What you should do »
Could you print the listing again exactly, omitting the pictures?

Material for this exercise »
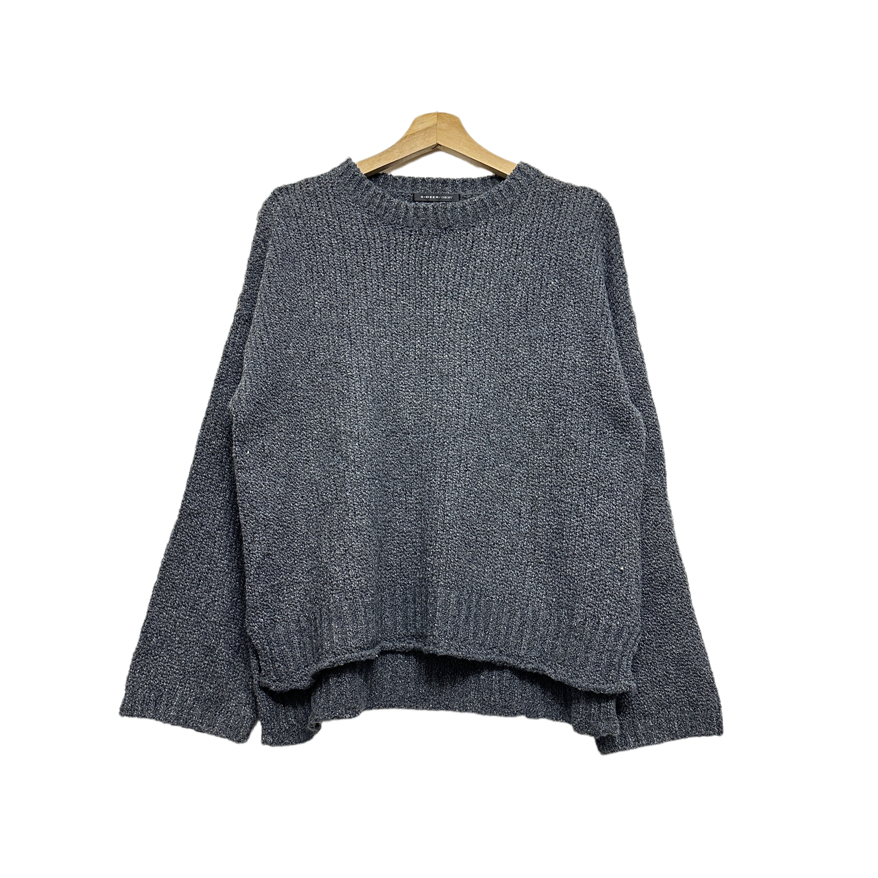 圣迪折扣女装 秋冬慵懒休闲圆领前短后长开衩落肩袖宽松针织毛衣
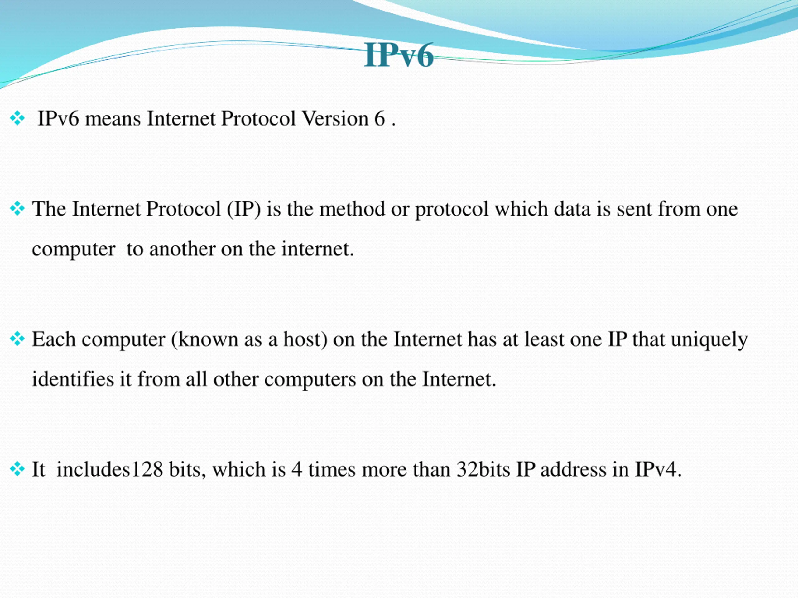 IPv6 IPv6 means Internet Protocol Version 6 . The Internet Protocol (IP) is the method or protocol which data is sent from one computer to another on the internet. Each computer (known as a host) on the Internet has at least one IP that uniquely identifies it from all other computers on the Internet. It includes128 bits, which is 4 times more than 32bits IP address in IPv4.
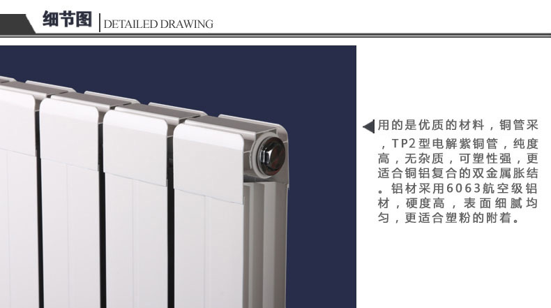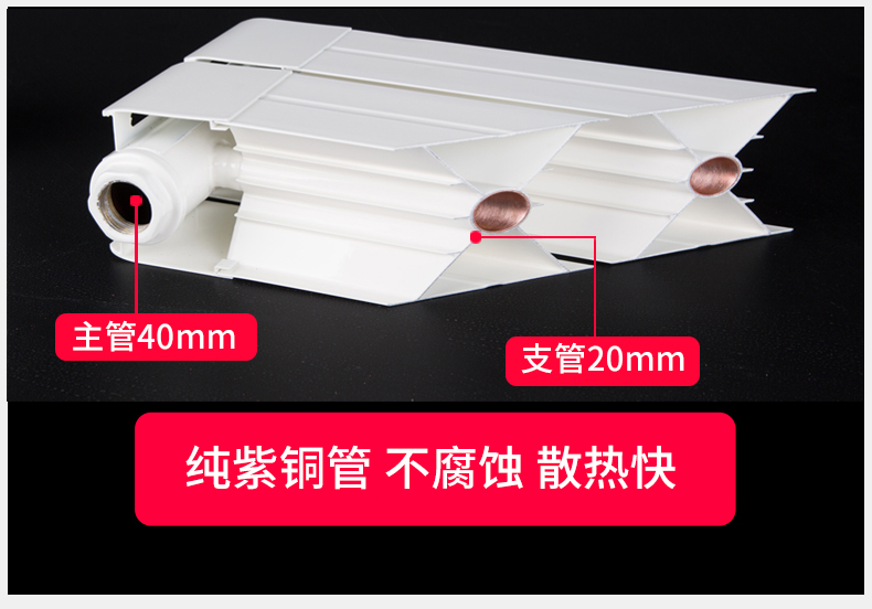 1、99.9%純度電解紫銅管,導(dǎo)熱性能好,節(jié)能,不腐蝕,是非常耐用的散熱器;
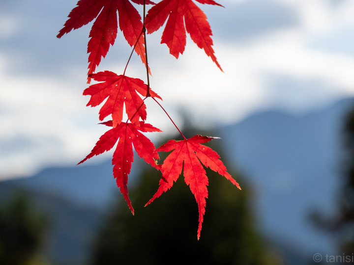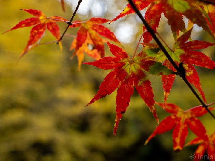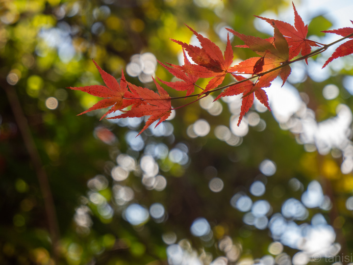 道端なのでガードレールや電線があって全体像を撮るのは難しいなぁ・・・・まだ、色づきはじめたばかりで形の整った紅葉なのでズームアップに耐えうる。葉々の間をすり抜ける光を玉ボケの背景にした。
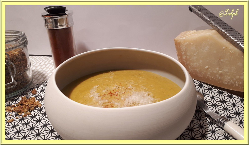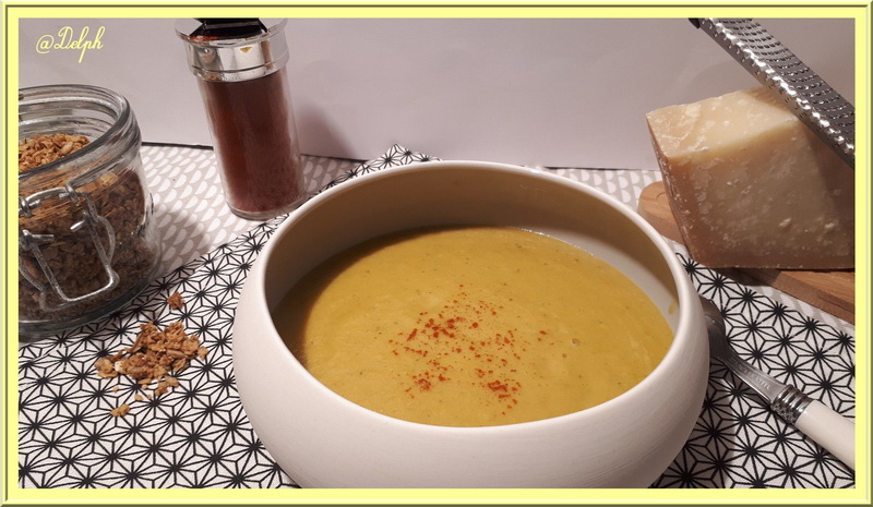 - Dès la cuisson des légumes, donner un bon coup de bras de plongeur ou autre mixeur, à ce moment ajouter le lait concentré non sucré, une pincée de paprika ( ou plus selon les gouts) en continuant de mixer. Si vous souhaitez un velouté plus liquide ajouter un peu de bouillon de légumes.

Result »
 圣迪折扣女装 秋冬慵懒休闲圆领前短后长开衩落肩袖宽松针织毛衣
 IPv6 IPv6 means Internet Protocol Version 6 . The Internet Protocol (IP) is the method or protocol which data is sent from one computer to another on the internet. Each computer (known as a host) on the Internet has at least one IP that uniquely identifies it from all other computers on the Internet. It includes128 bits, which is 4 times more than 32bits IP address in IPv4.
 1、99.9%純度電解紫銅管,導(dǎo)熱性能好,節(jié)能,不腐蝕,是非常耐用的散熱器;
 道端なのでガードレールや電線があって全体像を撮るのは難しいなぁ・・・・まだ、色づきはじめたばかりで形の整った紅葉なのでズームアップに耐えうる。葉々の間をすり抜ける光を玉ボケの背景にした。
 - Dès la cuisson des légumes, donner un bon coup de bras de plongeur ou autre mixeur, à ce moment ajouter le lait concentré non sucré, une pincée de paprika ( ou plus selon les gouts) en continuant de mixer. Si vous souhaitez un velouté plus liquide ajouter un peu de bouillon de légumes.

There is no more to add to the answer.